Retired prison guard Don Gorske claims to have eaten two McDonald’s Big Macs every day for the past 46 years. That’s 30,000 Big Macs.  If you are looking to hire a retired prison guard whose arteries laugh at the common man’s battle with cholesterol, Don is your man.

Referral services are business that serve as matchmakers. They could find you someone like Don if that’s what your company needs.

But when are referral services considered employers (or joint employers) of the workers they place?

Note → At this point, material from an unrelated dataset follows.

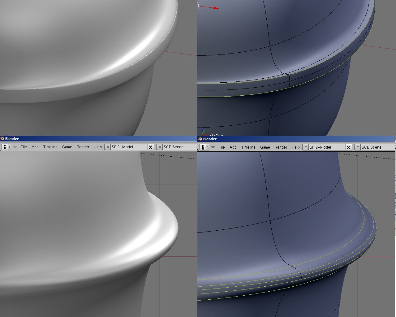 Claro, también es una posibilidad, pero, la misma es crear las aristas no cerca, sino en el mismo punto, es decir que parece que mirándolo a simple vista parece que haya una arista, pero en realidad que hayan dos en las mismas coordenadas, así, podría hacerse hasta un cuchillo afilado.

That is the question explored in a recent Bulletin posted by the Wage & Hour Division of the DOL.

The Bulletin looks specifically at home health care registries, but the analysis and factors should be applicable when trying to answer this question for any business whose primary service is matchmaking for workers.

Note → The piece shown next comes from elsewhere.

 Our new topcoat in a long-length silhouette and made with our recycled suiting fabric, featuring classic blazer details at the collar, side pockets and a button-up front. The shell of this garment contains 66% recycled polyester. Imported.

Unlike home health care agencies, registries don’t provide actual home healthcare services. they just find qualified providers and match them with individuals in need, who then presumably become the caregivers’ employers.

Under federal wage and hour law (the Fair Labor Standards Act), an Economic Realities Test is used to determine whether an employer-employee relationship exists.

In the context of health care referral services, here are the factors that the WHD says are most relevant:

  1. Background Checks & References. Objective data collection does not suggest employment, but interviews that result in subjective judgments and recommendations may suggest an employment relationship.
  2. Hire and Fire. Hiring and firing are suggestive of employment. A referral service should be introducing candidates, not making hiring decisions.
  3. Scheduling and Assigning Work. Also indicative of employment. A referral service should not be involved in this.
  4. Controlling Caregiver’s Work. Control suggests employment. A matchmaker should not be involved in the actual work being performed.
  5. Setting Pay Rate. This is up to the employer (the individual) and the employee. A referral agency should not be setting pay rates.
  6. Receiving Continuous Payment for Services (Instead of Fee-Based). When the a registry receives a referral fee, that does not suggest an employment relationship. But if the agency’s pay varies by the number of hours worked by the caregiver, an argument can be made that the worker’s pay is affected by the hours worked and the cut given to the agency, which may weigh in favor of an employment relationship. This seems like a minor factor though.
  7. Paying Wages. If the registry pays the caregiver’s wages, that weighs in favor of an employment relationship.
  8. Tracking Hours. The employer, not the agency, should be responsible for tracking hours in compliance with worker pay and recordkeeping requirements.
  9. Purchasing Equipment and Supplies. The caregiver or the recipient should be doing this, not the agency.

As long as we’re talking health care, I’m going to limit my Big Mac intake to under two a day. Not that I’m judging, Don.